The work of the secretary illustrates the need of technical training. The young woman who enters the course arranged for the secretarial school knows in advance something of the scope and character of the duties awaiting her. She knows that she must possess technical skill, that she must become an accurate and expert stenographer and typewriter, must understand accounts, must be able to file letters and find them after they have been filed, must transcribe dictation whatever the vocabulary involved, and must be familiar with business methods. She cannot follow the prescribed technical courses without becoming familiar with the personal requirements as well,—dignity, reserve, professional honor, promptness, patience, courtesy, adherence to contract, responsibility for service. All these are clearly set forth in the preparation of the secretary. This technical preparation is added to academic training, including English, modern languages, certain courses in science, economics, psychology and ethics, as in the ordinary college. At the end of the course the student is technically prepared for a position as college registrar, secretary to president or professor, to author or publisher, to lawyer or physician. She soon becomes capable of research or of executive organization. She commands from the beginning a better compensation than the apprentice could possibly receive. Already experience has shown the economic value of the training. Similar experience has provedthe wisdom of vocational courses outlined for managers of institutions, for dietetians in hospitals, for stewards, for directors of lunchrooms, for visitors to the poor, for librarians, nurses and social workers.

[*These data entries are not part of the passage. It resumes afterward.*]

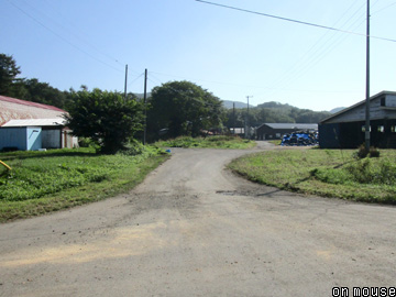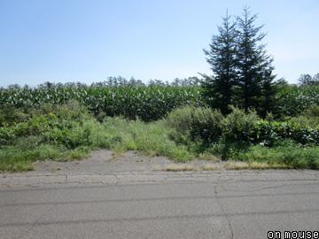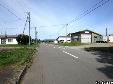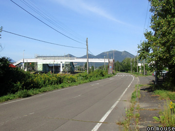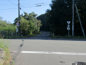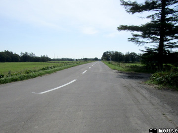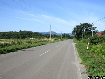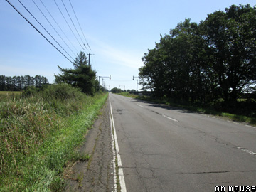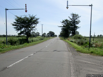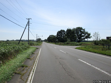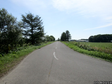 駅をやや過ぎた地点(写真S)で一旦新旧ルートが分かれる。計根別飛行場の開設に伴う移設で、道路上を進む新線に対し旧線は左方に向きを振り、再び牧草地内に飲み込まれる。
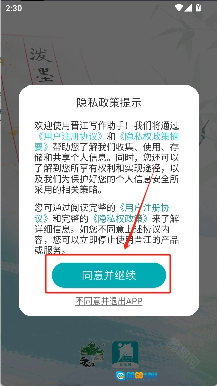 首先前往魔趣网下载并安装晋江写作助手,接着点击“同意并继续”按钮进入软件。
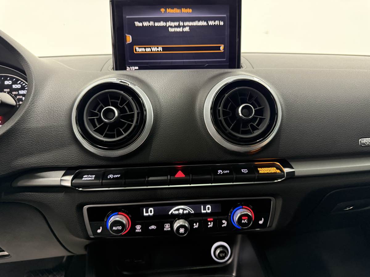 The 2019 Audi A3 Sedan Premium 40 TFSI stands as a testament to refined luxury and modern engineering, showcasing a sleek exterior in the elegant hue of Glacier White Metallic. This striking color accentuates the vehicles streamlined design and underscores Audi's commitment to sophistication and style.Under the hood, the A3 is powered by a robust 2.0L 4-cylinder engine, delivering a blend of efficiency and performance that makes every drive memorable. Enhancing its dynamic capabilities, the sport suspension ensures a smooth yet exhilarating ride, providing precise handling and a connection to the road that driving enthusiasts will appreciate.Inside, the car boasts a contrasting Black interior that envelops passengers in comfort and understated elegance. The convenience package further elevates the driving experience with features that simplify and enhance everyday journeys, making this Audi A3 not just a car, but a companion in life's adventures.

“What is my work to be? How can I prepare myself to do it successfully and through it to minister to human need?” These are the questions which the student is constantly asking as she confronts her task. The very presence and recognition of the task give point to the preparation and prevent it from being a mere course of training for one’s own sake.

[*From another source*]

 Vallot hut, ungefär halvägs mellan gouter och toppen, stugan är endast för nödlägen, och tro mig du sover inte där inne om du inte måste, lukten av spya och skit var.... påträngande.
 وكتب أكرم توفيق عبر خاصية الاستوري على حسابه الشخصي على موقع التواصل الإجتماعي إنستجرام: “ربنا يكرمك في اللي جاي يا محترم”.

Conference with parents as well as with students shows the origin of the demand for vocational training in colleges. The assured expectation of self-maintenance; the desire to be prepared for self-maintenance, should necessity arise; the recognition of the necessity of preparation for home responsibilities; the demand for executive experts with an understanding of industrial conditions; the dearth of workers properly trained for their task; the taste and liking for practical affairs; the desire to be of definite service in the world—all these are factors in the student’s demand for vocational training. The woman with one talent emerges from the course prepared to perform some one task well and glad to meet its demands. It is a privilege and not a burden to be shirked. The ten-talent woman goes out with the power to modify circumstances, to improve conditions, to direct enterprises, to assume executive control. In either case the vocational aim is essential.
Already trade schools, technical high schools and technical colleges are answering the demand for vocational training, and proving the existence of the need. Public opinion asks that woman be trained for her work. The one thing needful is that the school, as a public servant, shall come to recognize its true relation to this economic problem.